A broader $3.5 billion agreement under discussion would see IAI and Rafael supply Greece with a multi-layered air-defense system based on Barak MX, David’s Sling, and SPYDER. If finalized, Greece would become the second country after Finland to acquire David’s Sling.
In recent weeks, Deputy Chief of the National Security Council (NSC) Gil Reich and the Prime Minister's Military Secretary and designated head of the Mossad, Major General Roman Gofman, met in Greece with their counterparts to tighten security and political coordination between the countries. Last week, Air Force Commander Major General Tomer Bar traveled to Cyprus to coordinate cooperation between the air forces. At the beginning of the week, Netanyahu is scheduled to hold a tripartite meeting in Jerusalem with Greek Prime Minister Kyriakos Mitsotakis and Cypriot President Nikos Christodoulides.
The agenda will include the arms deal, as well as the establishment of a joint military force of the three countries that would balance and restrain Turkey's moves in the Mediterranean and Syria. Such a move should provide Israel with a stable multidimensional strategic depth that it may need in dark days. Such a trilateral force vis-à-vis Turkey would have to be serious to be a deterrent, and Israeli weapons could strengthen it.
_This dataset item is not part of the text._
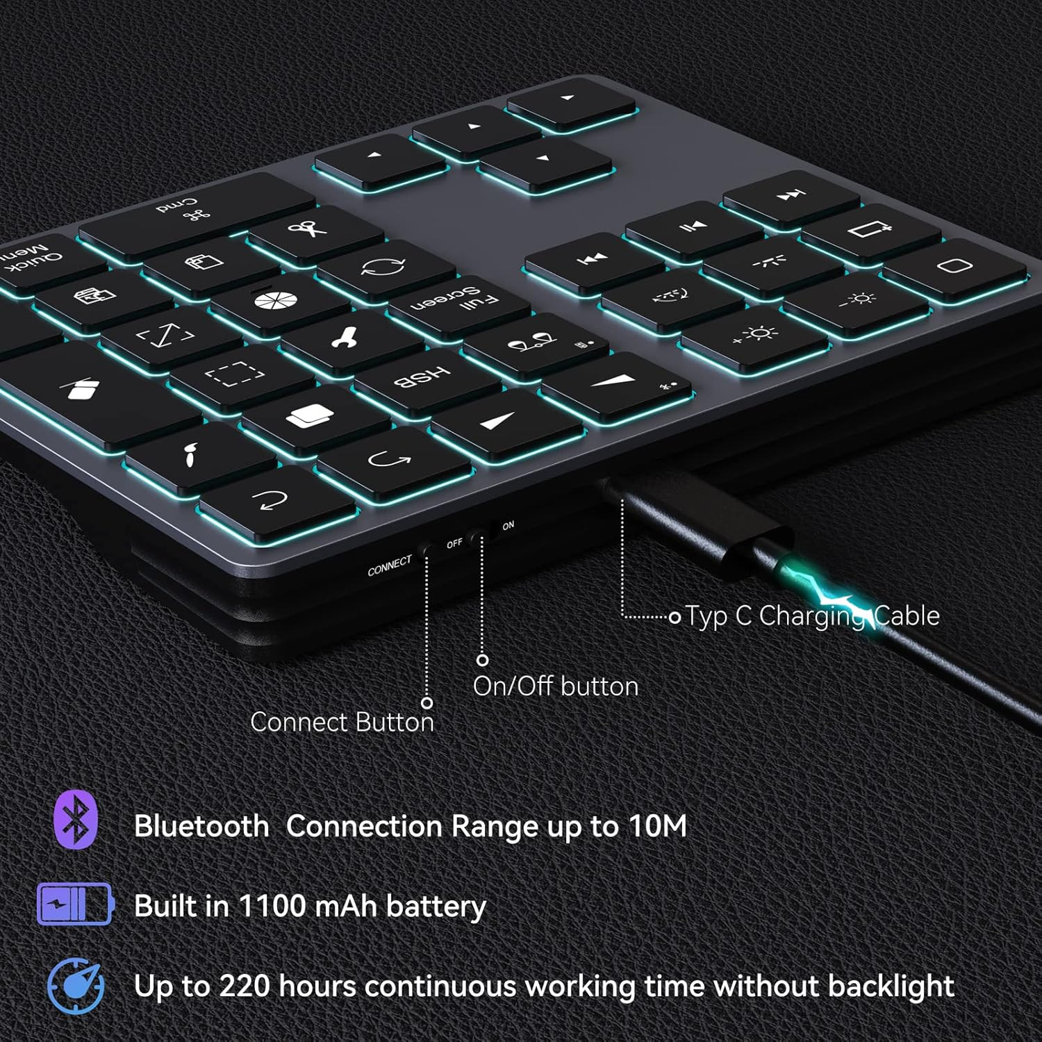 Doohoeek Bluetooth Háttérvilágított Billentyűzet iPad Procreate-hez

And it's not just Israeli weapons. The tightening relationship between the three countries and Turkey also involves interests worth tens of billions of dollars in the energy sector, such as the development of projects to produce natural gas from the depths of the Mediterranean Sea to be supplied to the European Union countries and joint security of infrastructure that will be built. Meanwhile, even before the planned meeting with the Greek Prime Minister and the President of Cyprus, Netanyahu and Energy Minister Eli Cohen reported the approval of the gas agreement with Egypt worth NIS 112 billion for a period of 18 years. Israel sees it as a pillar that strengthens its regional alliances with Greece and Cyprus, as well as with Egypt itself.
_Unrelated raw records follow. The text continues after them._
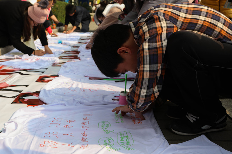 活动期间,青协工作人员引导同学们有序参与活动,呼吁大家了解艾滋病的相关知识,号召同学们学会防治艾滋病。本次活动内容丰富,形式多样,分为许愿墙、绘画白色T恤衫、香蕉试验方阵三个部分。许愿墙上写满了同学们心中的寄语;白色T恤衫上绘画着各种各样与主题相关的图案;更有志愿者排成形似红丝带的方阵,用香蕉试验来模拟如何正确使用避孕套。
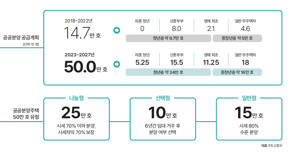 정부는 작년부터 향후 5년간 총 5만 2천 500호의 공공분양 주택을 공급할 계획을 발표했습니다. 이는 이전에 비해 크게 증가한 물량으로, 더 많은 사람들에게 내 집 마련의 기회를 제공할 것으로 예상됩니다.
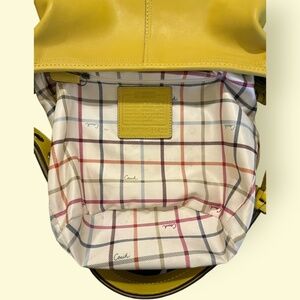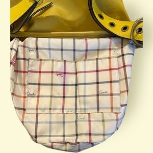 Coach Legacy Ergo Bucket Bag, style J0769-11422, in soft glove-tanned Sunflower leather with plaid lining and zip closure. Adjustable grommet strap and classic Legacy design.Great condition with normal wear. Small pen marks inside and minor surface variations shown in photos. Bright, cheerful, and collectible Coach classic.

5. Elbit Systems' huge deal from about a month ago with a "foreign country" is one that is supposed to inject much-needed money into the security system that is at its center. This is the largest deal in Elbit's history, worth about $2.3 billion, and was brokered and completed with the involvement of the Ministry of Defense. The French intelligence website Intelligence Online reported that the country involved in the deal is the United Arab Emirates. The deliberate obscurity surrounding the deal stems, among other things, from a warning from the country with which it was signed that if its details were revealed, it would be canceled in a way that would supposedly harm the security of the State of Israel. The Ministry of Defense and Elbit refuse to answer the many questions on the subject.
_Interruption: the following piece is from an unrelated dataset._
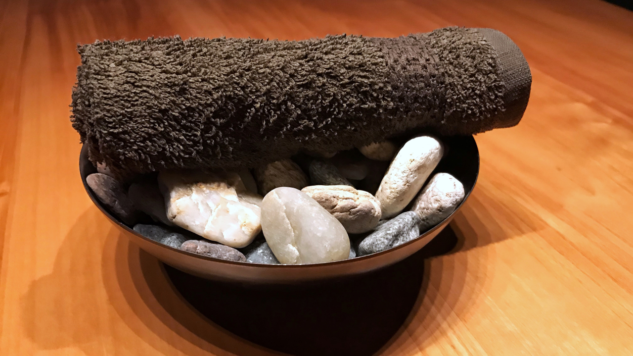 All’arrivo subito una coccola: una tovaglietta calda e umida per le mani, infinitamente piacevole mentre il freddo fuori ha fatto gelare le dita. Poi una breve consultazione della carta delle acque, una bollicina franciacortina (un’edizione limitata di Cabochon di Monterossa) e un piccolo amuse bouche (Anemone di mare fritto con una foglia di shiso), “per preparare il palato”.

Under the guise of secrecy, they are avoiding providing explanations and answers. The report on the French website, against the backdrop of the Calcalist exposure, places the defense establishment in an embarrassing situation that raises questions. Only in recent weeks, officers in the IDF and Air Force warned that supplying F-35 aircraft to Saudi Arabia would jeopardize their military advantage in the region, and now Israel is bringing such a situation on itself. "A delusion and a dangerous adventure," said a senior defense official familiar with the details of the deal in a conversation with Calcalist. According to him, "the defense establishment is trying to fulfill its commitment to the absolute secrecy of the engagement, and in the name of that secrecy, its senior officials are trying to escape the need to provide explanations for it."
Questions remain over why such a sensitive system was sold to the UAE, or to any country at all, at a time when Israeli defense companies are generating record revenues. It is also unclear how Israel is ensuring long-term control and security of the technology involved.